Polar equations graphically represent different types of conic sections like circles, ellipses, parabolas, and hyperbolas. These equations use polar coordinates, where each point on the plane is determined by a distance from the origin (called the 'pole') and an angle from a fixed direction.
One common form of polar equations for conic sections is \(r = \frac{p}{1 + e \sin \theta}\) or \(r = \frac{p}{1 - e \cos \theta}\), where:

• \(r\) is the distance from the pole,
• \(p\) is a parameter related to the size of the conic,
• \(e\) is the eccentricity, which defines the shape of the conic,
• \(\theta\) is the angle formed with respect to the positive x-axis.

The varying placement of the trigonometric functions **sine** or **cosine** determines orientation, specifically whether the directrix or symmetry axis is horizontal or vertical. Understanding these parameters helps in visualizing the orientation and shape of the conic in the polar coordinate system.

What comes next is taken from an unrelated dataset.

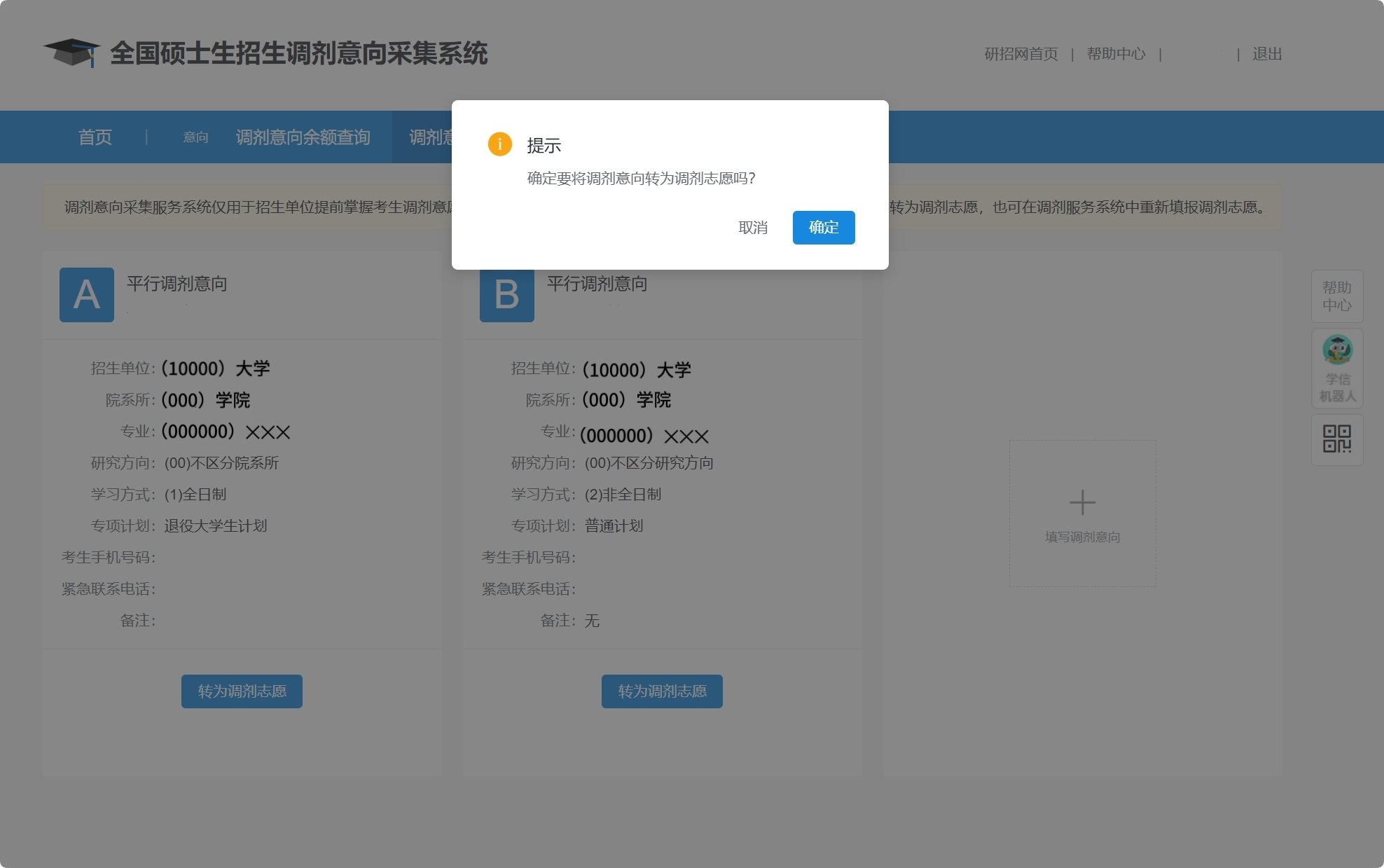 2、填写调剂意向

An ellipse in polar coordinates has a distinct equation, usually represented as \(r = \frac{p}{1 + e \sin \theta}\) or \(r = \frac{p}{1 - e \cos \theta}\). For an ellipse:

• The eccentricity \(e\) is less than 1 \((e < 1)\), indicating that the conic does indeed form an ellipse, not a circle or other shape.
• The parameter \(p\) helps indicate the size and compactness of the ellipse.

In the specific problem discussed, the equation was \(r = \frac{4}{-3 - 3 \sin \theta}\), where \(p = 4\) and \(e = -3\). These values help determine properties of this ellipse like its orientation and size.
Regardless of eccentricity or the focal parameter \(p\), the ellipse's center remains at the focus or pole in a typical representation. Depending on the values \(e\), you find the elongation and flattening details of the ellipse.

The directrix in polar coordinates is a line related to the conic section's eccentricity and standard form. For the polar equation \(r = \frac{p}{1 + e \sin \theta}\) or \(r = \frac{p}{1 - e \cos \theta}\), the placement of the directrix depends on the parameter \(e\). Here's how:

• A positive \(e\) value indicates a vertical orientation of directrix, and a negative \(e\) typically points towards a horizontal orientation.
• When dealing with an equation like \(r = \frac{4}{-3 - 3 \sin \theta}\), the negative \(e\) suggests that the directrix is horizontal relative to the polar axis.

Importantly, for the equation in question, the directrix is below the pole due to this negative eccentricity. This affects how we understand the placement and symmetry of the conic within the polar system, influencing calculations regarding intersections or viewing angles.